[[ Exercise data open ]]

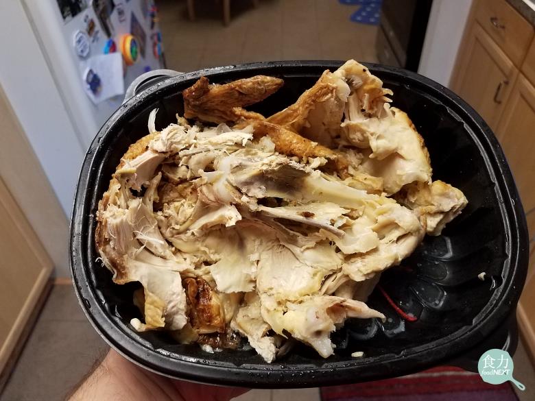 撕成雞絲以後,大火熱油爆炒,或是以微波爐高溫復熱,油騷味放大一些,還是在可以品嚐的範圍內。但是高溫復熱只能少量為之,否則分量一多,油鍋熱度或微波熱度上不去,最終還是變成慢速加熱,出現難聞油騷味。
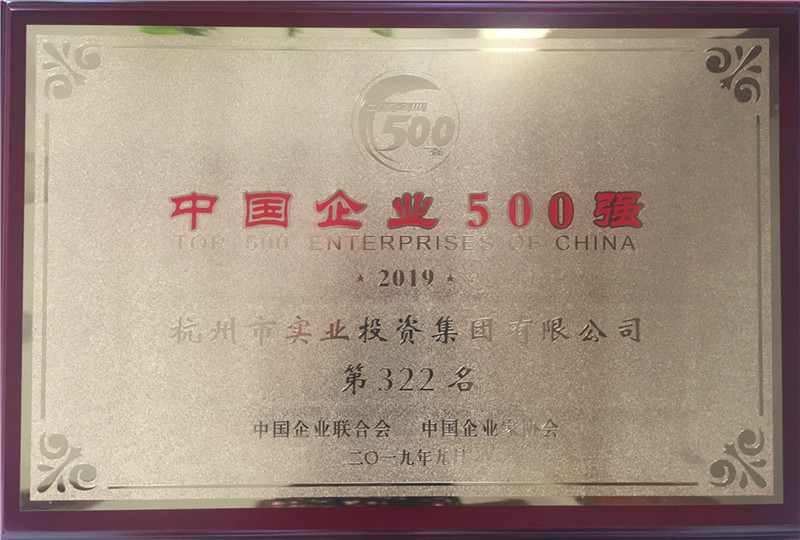 2019年“中国企业500强”排名第322位
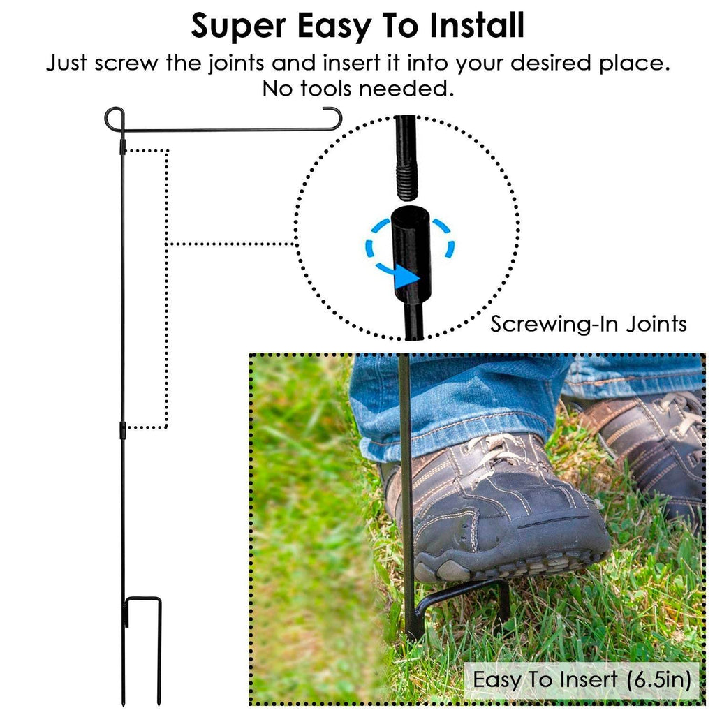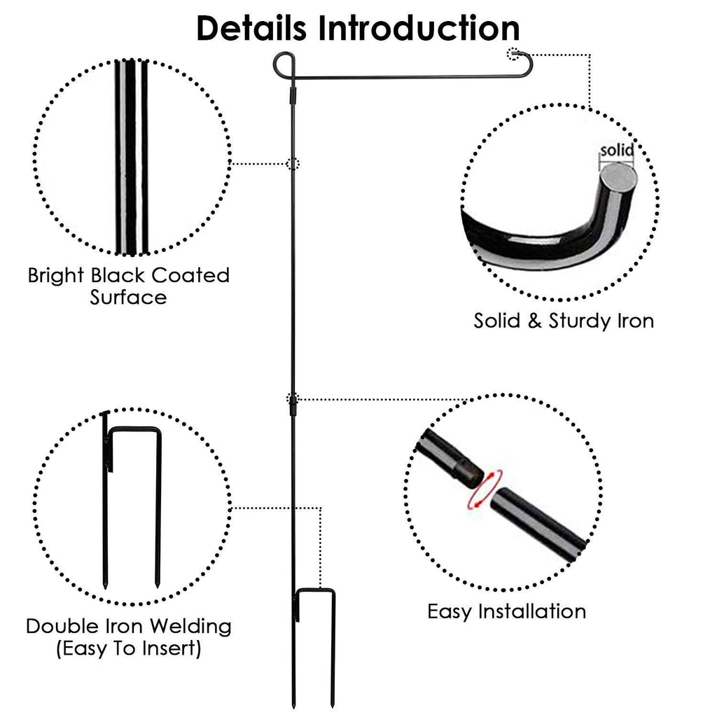 Display your favorite seasonal flags with this durable and weather-resistant garden flag stand. Designed for outdoor use, this sturdy wrought iron flagpole features a rust-resistant black coating and a stable structure that holds your decorative flags securely. Easy to assemble and store, it’s perfect for showcasing holiday, seasonal, or decorative flags in your yard, garden, or walkway.
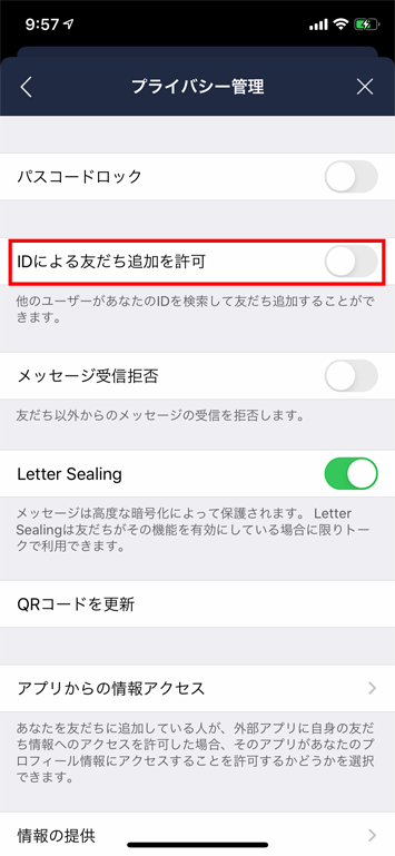 設定画面から「プライバシー管理」を選択し「IDによる友だち追加を拒否」をオンにします。
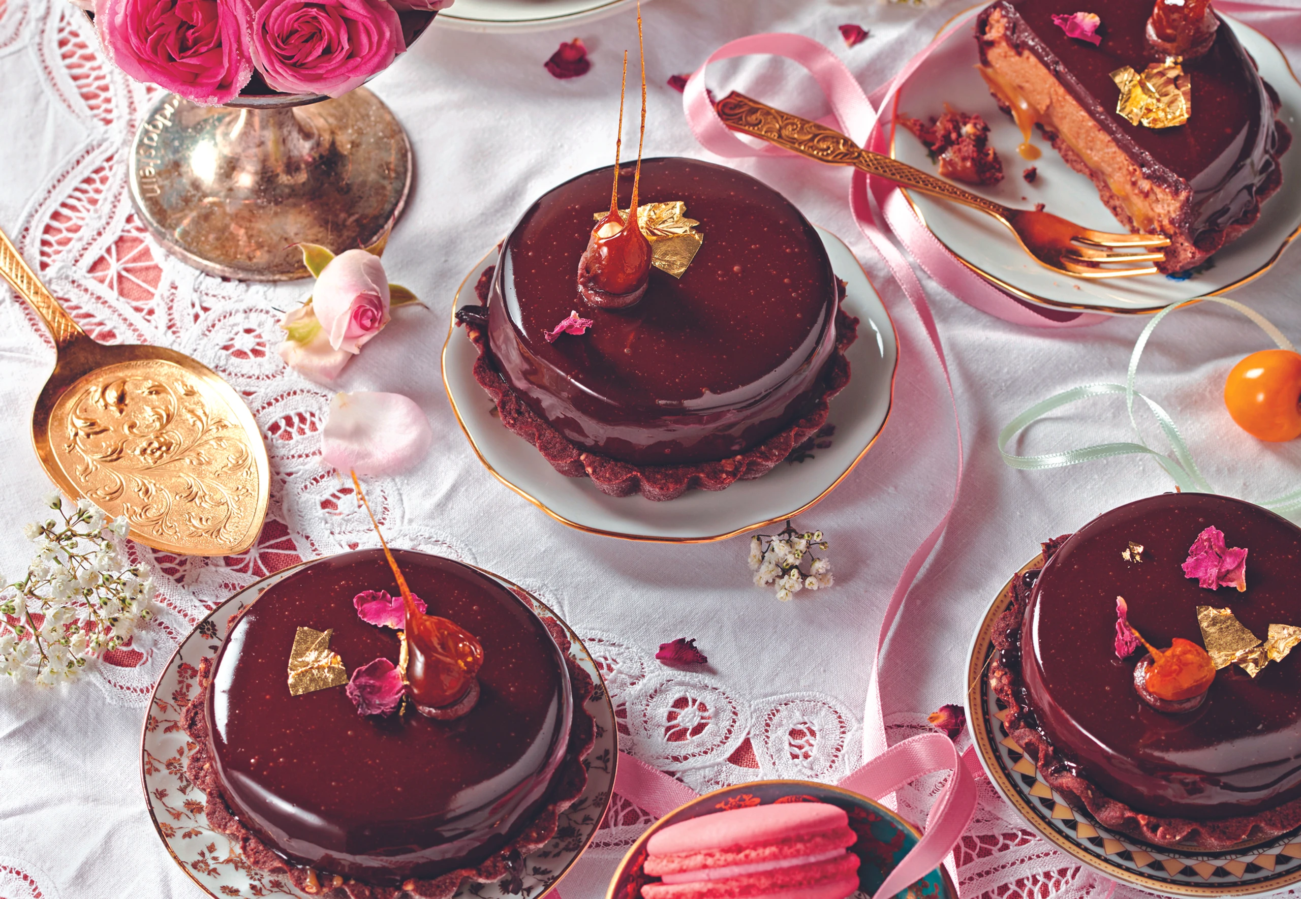 Nougatmousse aus den Ringen lösen, auf ein Gitter legen und mit der Glasur überziehen. Glasur trocknen lassen. Glasierte Mousse auf die Tartelettes legen. Tartelettes mit Nüssen, Gold und Rosenblättern dekorieren. Bei Raumtemperatur ca. 1 Stunde auftauen lassen.
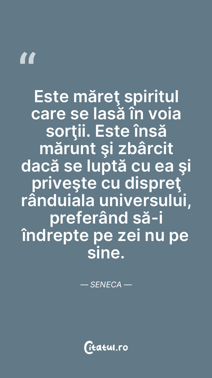 Este măreţ spiritul care se lasă în voia sorţii. Este însă mărunt şi zbârcit dacă se luptă cu ea şi priveşte cu dispreţ rânduiala universului, preferând să-i îndrepte pe zei nu pe sine. Seneca
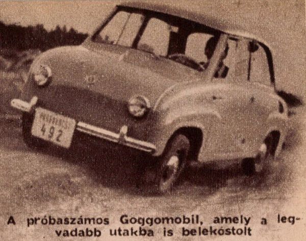 Nagyszerű érzés hozzákezdeni egy olyan témájú újságcikk írásához, amelynek megjelenését – úgy sejtjük – igen sokan türelmetlenül várják. Márpedig a törpeautókról bizonyára szívesen olvasnak. Az érdeklődés mértékét nem tudjuk fokokban mérni, de az biztos, hogy a napokban, amikor az Autó-Motor munkatársa és az Autóközlekedési Tudományos Kutató Intézet főmérnöke az egyik német gyártmányú törpeautóval, a kis Goggomobillal járt próbaúton, egy-egy megálláskor nemigen győzött felelgetni a kérdések százaira. A kérdések nem voltak könnyűek. Milliók olvasták a második ötéves terv elfogadott irányelvei között, hogy mi is fogunk törpekocsit gyártani, és akikkel mi találkoztunk, azok igen élénken érdeklődtek annak várható áráról. Azt hisszük, erre ma még a legilletékesebbek is nehezen tudnának válaszolni. Mi pedig semmiképpen nem adhatunk erre pontos feleletet, de úgy érezzük, nem sokat tévedtünk, amikor azt mondtuk, hogy a törpeautó – amely az oldalkocsis motorkerékpár szerepét tölti be – körülbelül annyiba kerülhet, mint egy szóló motor és egy oldalkocsi. Erre igen sok csalódást kifejező arcot láttunk magunk körül.
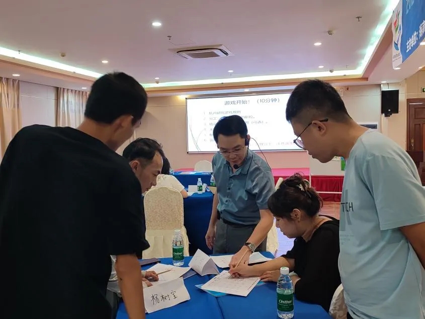 在創(chuàng)業(yè)導(dǎo)師陳銘浩的引導(dǎo)下,與會(huì)創(chuàng)業(yè)者分為若干個(gè)組,通過不同職場(chǎng)角色的扮演,以售賣帽子為主題,模擬企業(yè)經(jīng)營(yíng)周期,從購(gòu)買原材料、支付工資成本,到處理貸款利息等各個(gè)方面環(huán)節(jié),按照預(yù)設(shè)的周期完成不同的工作任務(wù),并根據(jù)售賣情況,及時(shí)記錄銷售量、利潤(rùn)等信息。創(chuàng)業(yè)者深入角色、積極討論,各組間彼此合作、博弈與競(jìng)爭(zhēng)。
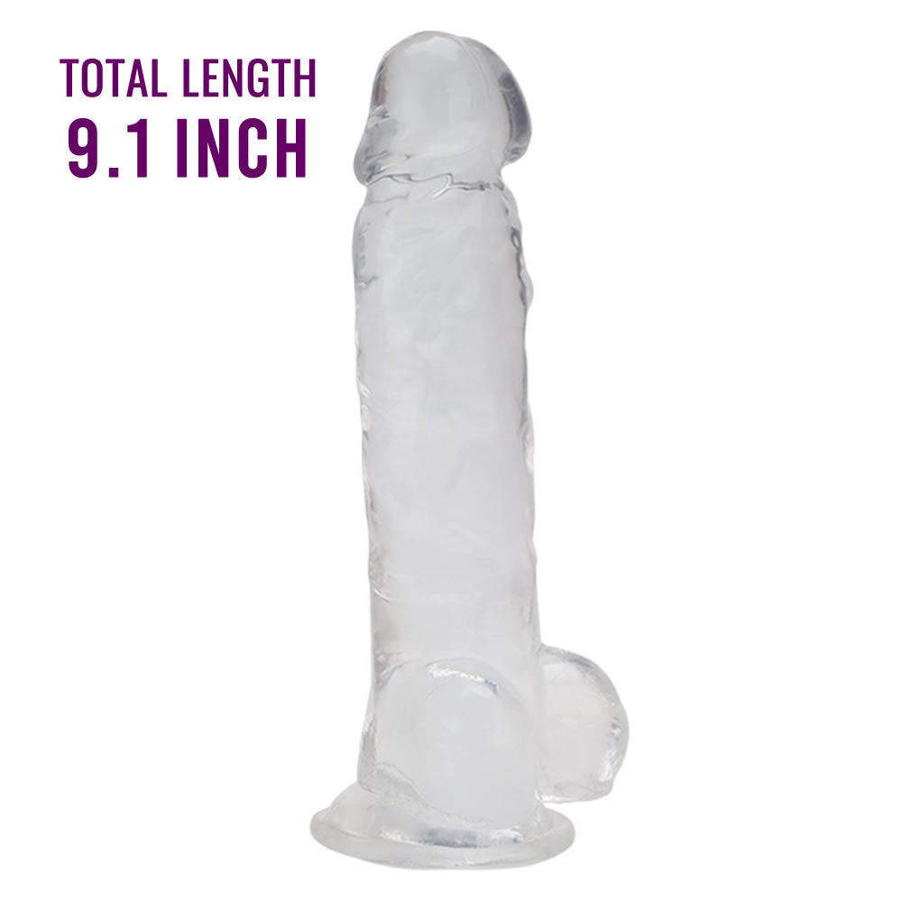 Kick your intimate nights up a notch with the 9-Inch Large Dildo with Suction Cup and Balls in Clear, a daring delight for experienced thrill-seekers! Reaching 9.1 inches total with a 6.7-inch insertable length and a bold 5.6-inch girth, this spirited companion brings the fun with a lifelike head, textured shaft, and plump balls that know how to hit the sweet spots. Secure it to any smooth surface with the sturdy suction cup for effortless hands-free action, and fine-tune the angle for a wave of pleasure. Crafted from high-quality TPE that’s gentler and safer than PVC, a dab of water-based lube transforms it into a silky smooth ride—add a 1.5-inch O-ring harness for an extra twist. Whether you’re on your own or with a partner, this clear stunner is your key to a bold, comfy escape! |
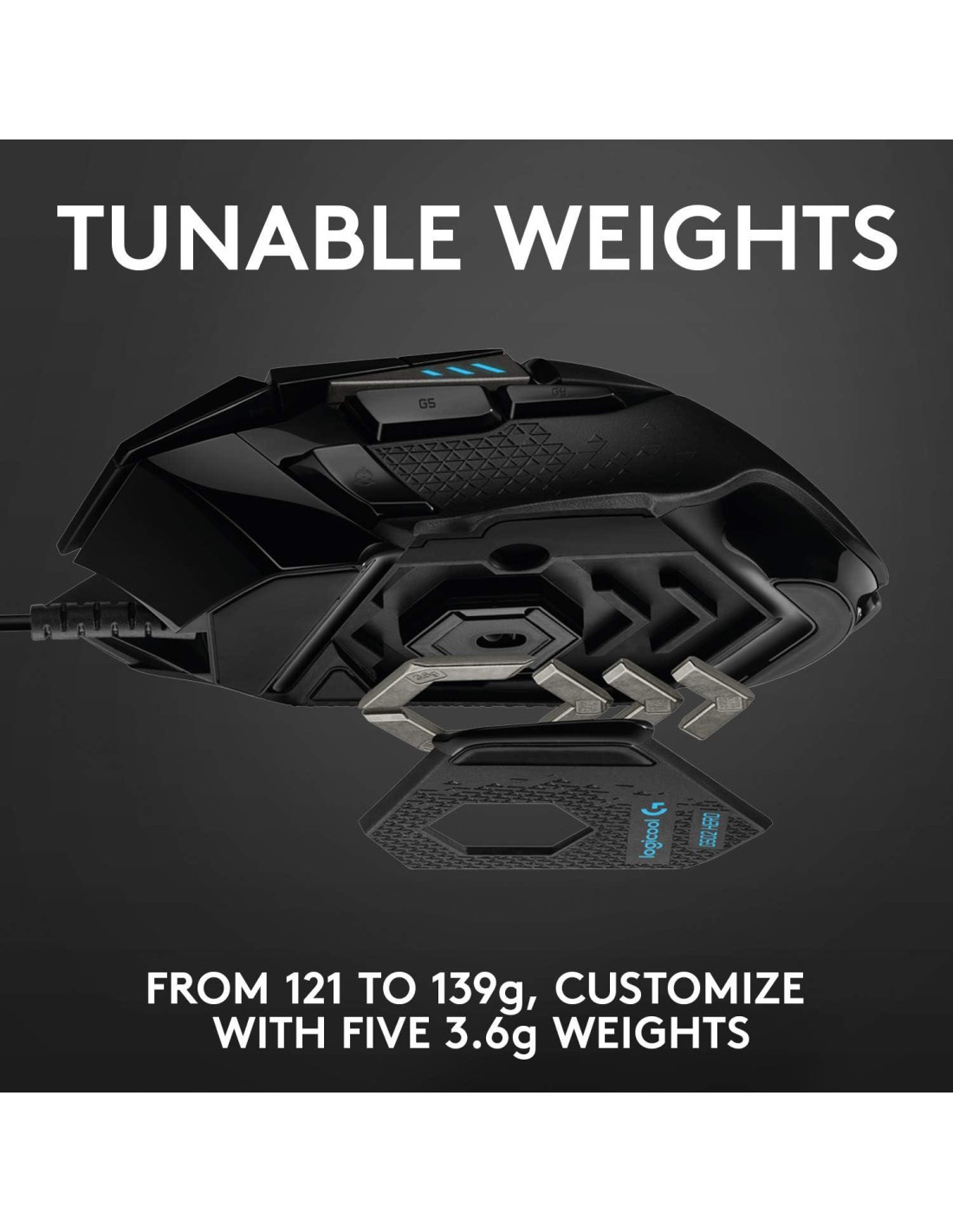 G502 HERO cuenta con un sensor óptico avanzado para una máxima precisión de seguimiento en todo el rango de DPI, iluminación RGB personalizable, perfiles de juego personalizados, sistema de peso ajustable. El sensor HERO de próxima generación ofrece un seguimiento preciso de hasta 25,600 DPI sin suavizado, filtrado o aceleración. 11 botones programables y una rueda de desplazamiento hiperrápida de doble modo te brindan un control totalmente personalizable sobre tu juego. Personaliza a tu favor. Cinco pesas de 3.6g vienen con tu G502 HERO. Usa algunas o todas en las posiciones donde prefieras más peso o menos para la sensación justa. Con la tecnología LIGHTSYNC y Logitech G HUB, la iluminación RGB se puede personalizar de aproximadamente 16.8 millones de colores para personalizar tu configuración y sincronizar con otros equipos de G. LIGHTSYNC RGB reacciona inteligentemente con tu juego, audio o color de pantalla. Configura la iluminación en ~16.8M colores para que coincida con tu habitación y equipo. Crea tus propias animaciones RGB personales.

[[ Exercise data closed ]]

**What to work on:**
Give again, exactly as written above, each line from the one that has "Display your favorite" to the one that has "Nougatmousse aus den", both included; omit the pictures.

**Task result:**
 Display your favorite seasonal flags with this durable and weather-resistant garden flag stand. Designed for outdoor use, this sturdy wrought iron flagpole features a rust-resistant black coating and a stable structure that holds your decorative flags securely. Easy to assemble and store, it’s perfect for showcasing holiday, seasonal, or decorative flags in your yard, garden, or walkway.
 設定画面から「プライバシー管理」を選択し「IDによる友だち追加を拒否」をオンにします。
 Nougatmousse aus den Ringen lösen, auf ein Gitter legen und mit der Glasur überziehen. Glasur trocknen lassen. Glasierte Mousse auf die Tartelettes legen. Tartelettes mit Nüssen, Gold und Rosenblättern dekorieren. Bei Raumtemperatur ca. 1 Stunde auftauen lassen.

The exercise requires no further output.